Harvard University’s Center for Hellenic Studies, located in Washington DC, was founded by means of an endowment made “exclusively for the establishment of an educational center in the field of Hellenic Studies designed to rediscover the humanism of the Hellenic Greeks.” This humanistic vision remains the driving force of the Center for Hellenic Studies.
A fitting metaphor for the mission of the Center (and the basis of our logo) is the lighthouse of Alexandria, the Pharos, as envisioned in the dream of Alexander the Great. The story of this vision, as retold in Plutarch’s Life of Alexander, was meant to become a permanent “charter myth” that captured the ideal of Alexandria-in-Egypt as the ultimate Greek city and – more basically – the ideal of Hellenic Civilization as a universalized concept of humanism, transcending distinctions between Europe and non-Europe.
The Center tries to honor these ideals by bringing together a variety of research and teaching interests centering on Hellenic civilization in the widest sense of the term “Hellenic.” This concept encompasses the evolution of the Greek language and its culture as a central point of contact for all the different civilizations of the ancient Mediterranean world. Interaction with foreign cultures, including the diffusion of Roman influence, is an integral part of this concept.

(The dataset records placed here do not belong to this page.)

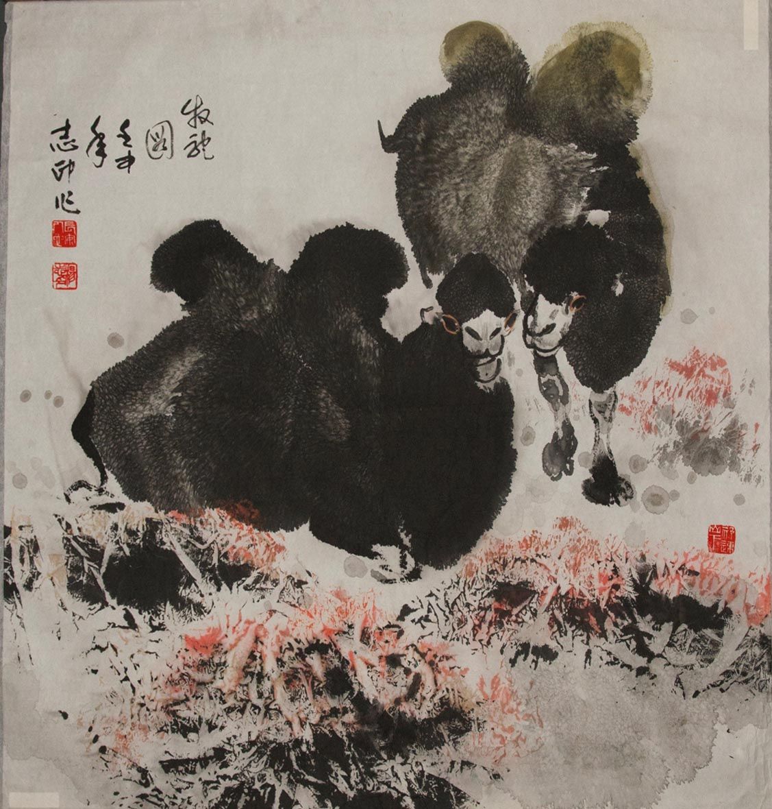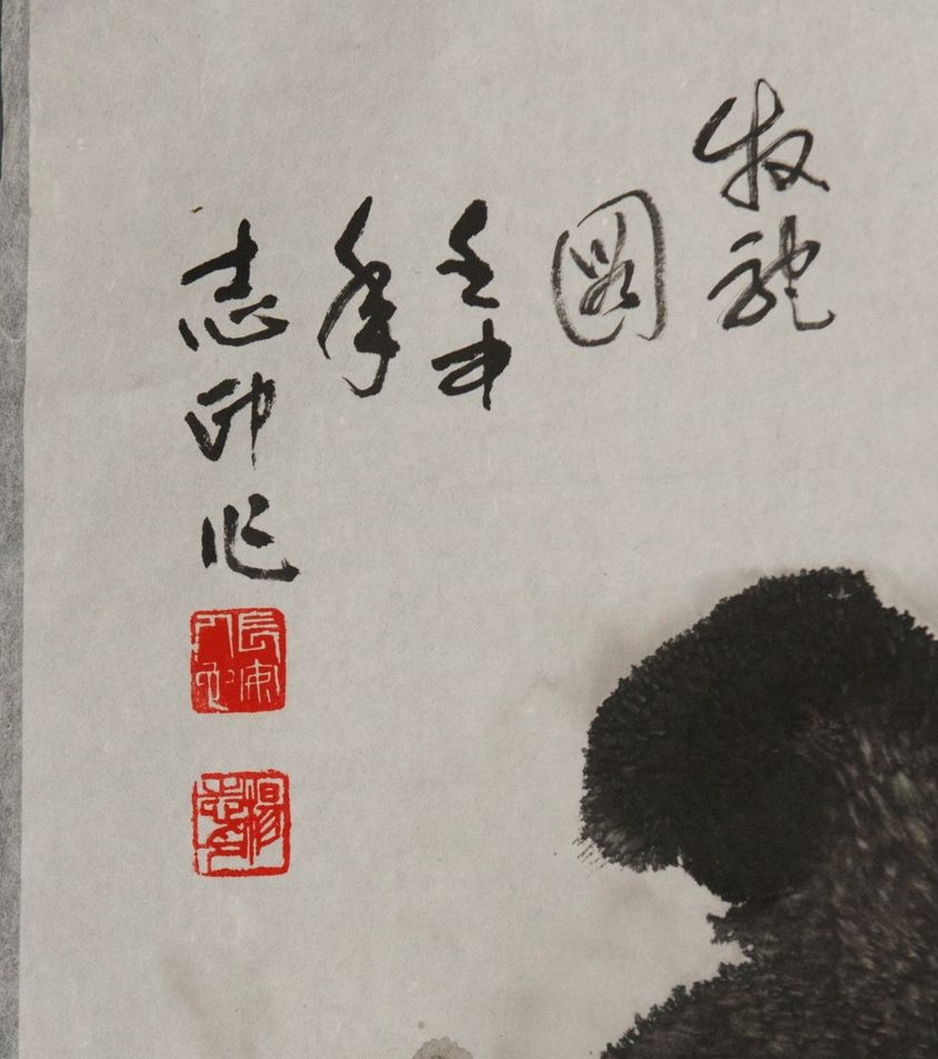 Pair of camels, Chinese ink and watercolour on paper, signed Yang Zhiyin with three red seals. 69 cm x 69 cm. Provenance: T. Ng Collection Toronto.
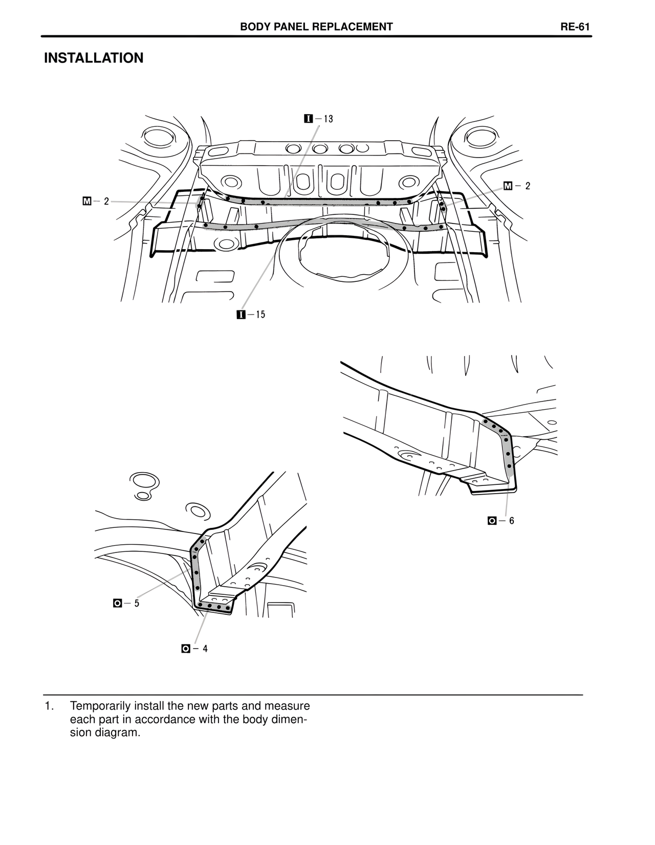 BODY PANEL REPLACEMENT RE-61 INSTALLATION I - 13 M - 2 M - 2 I - 15 O - 5 O - 4 O - 6 1. Temporarily install the new parts and measure each part in accordance with the body dimen- sion diagram.
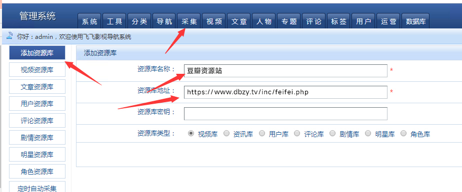 请按以下步骤进行:依次点击【采集】-【采集资源库管理】,然后依次输入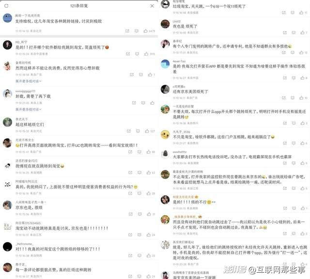 值得一提的是,在劉嘉玲微博的評論區(qū),還有多條熱評及跟評指向“各種跳轉(zhuǎn)鏈接,討厭到極致”、“離譜,每打開一個app就強行跳到淘寶,煩死了,這廣告”、“京東也是”等現(xiàn)象,引發(fā)了大量網(wǎng)友的共鳴…

The Director of the Center is Gregory Nagy, who is concurrently the Francis Jones Professor of Classical Greek Literature at the Harvard campus in Cambridge. He is resident at the Center in Washington, where Current Fellows, elected annually, pursue research in one of the world’s premier research libraries. Conferences and programs are a regular part of the educational mission of the Center. New initiatives, such as the Virtual Center, will expand this mission far beyond the Center’s campus in Washington.
These initiatives include Web-based publications in conjunction with the Stoa Consortium; various on-line teaching, research, and discussion projects; an interactive multitext of Homer (modeled on the editorial research of the ancient Alexandrian scholars); and full-text online books.